Last night, I mentioned to my roommate (who’s a mathematician) the fact that some realist philosophers of mathematics have (perhaps in a tongue-in-cheek kind of way) used the infinitude of primes to argue for the existence of mathematical entities. After all, if there are infinitely many primes, then there are primes, and primes are numbers, so there are numbers.
As might be expected, he was unimpressed, and suggested there was some sort of ambiguity in these existence claims. He wanted to push the idea that mathematically speaking, all that it means for a statement to be true (in particular, an existence statement) is that it be provable from the relevant axioms. I was eventually able to argue him out of this position, but it was surprisingly harder than expected, and made major use of the Gödel and Löwenheim-Skolem-Tarski theorems.
The picture that is appealing to the mathematician is that we’re just talking about any old structure that satisfies the axioms, just as is the case when we talk about groups, graphs, or topological spaces. However, I pointed out that the relevant axioms for the natural numbers can’t just be Peano Arithmetic, because we’ll all also accept the arithmetical sentence Con(PA), once we’ve figured out what it’s saying. This generalizes to whatever set of axioms we accept for the natural numbers. As a result, Gödel’s theorem says that we don’t have any particular recursive set of axioms in mind.

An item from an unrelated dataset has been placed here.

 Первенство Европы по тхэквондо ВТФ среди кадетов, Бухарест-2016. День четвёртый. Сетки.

To make things worse for the person who wants to think of the natural numbers as just given by some set of axioms, there’s also the fact that we only mean to count the members of the smallest model of PA, not any model. By the LST theorem, any first-order set of axioms that could possibly characterize the natural numbers will also have uncountable models. In order to pick out the ones we really mean, we either have to accept some mathematical class of pre-existing entities (the models of PA, so we can pick out the smallest one), or accept a second-order axiomatization, or give up any distinction between standard and non-standard natural numbers.

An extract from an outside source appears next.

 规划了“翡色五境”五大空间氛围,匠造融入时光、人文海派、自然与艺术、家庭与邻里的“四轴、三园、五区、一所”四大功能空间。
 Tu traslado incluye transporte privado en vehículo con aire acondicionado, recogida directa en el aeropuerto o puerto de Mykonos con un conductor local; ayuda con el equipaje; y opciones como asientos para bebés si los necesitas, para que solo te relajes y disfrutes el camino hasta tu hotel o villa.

Of course, the same argument can be run for set theory, and at this point, accepting a second-order axiomatization causes trouble. Some philosophers might argue a way around this using plural quantification, but at least on its face, it seems that second-order quantification requires a prior commitment to sets, so it can’t underlie set theory. And we really don’t want to admit non-standard models of set theory either, because they give rise to non-standard models of arithmetic, which include certain infinite-sized members as “natural numbers”.

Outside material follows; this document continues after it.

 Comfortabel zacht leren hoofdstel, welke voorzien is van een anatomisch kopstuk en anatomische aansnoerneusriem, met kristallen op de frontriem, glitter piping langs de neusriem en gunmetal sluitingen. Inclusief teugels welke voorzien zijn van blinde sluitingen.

So it seems, for number theory and set theory at least, the mathematician has to admit that something other than just axioms underlies what they’re talking about. I’ve argued that the existence of and agreement on these axioms means that mathematicians don’t often have to think about what’s going on there. And from what I can see so far, the mathematician could take a platonist, fictionalist, or some other standpoint without any trouble. And in fact, most of the reasoning is going on at a high enough level that even if there’s some problem with the axioms (say, ZFC turns out to be inconsistent) this will have almost no effect on most other areas of mathematics, just as a discovery that quantum mechanics doesn’t correctly describe the behavior of subatomic particles will have relatively little effect on biology. But the mathematician can’t insist that existence in mathematics just means provability from the axioms – she can insist on some distinction between mathematical existence and ordinary physical existence, but it will be something like the minor distinction that the platonist recognizes, or possibly something like the distinction between real and fictional existence.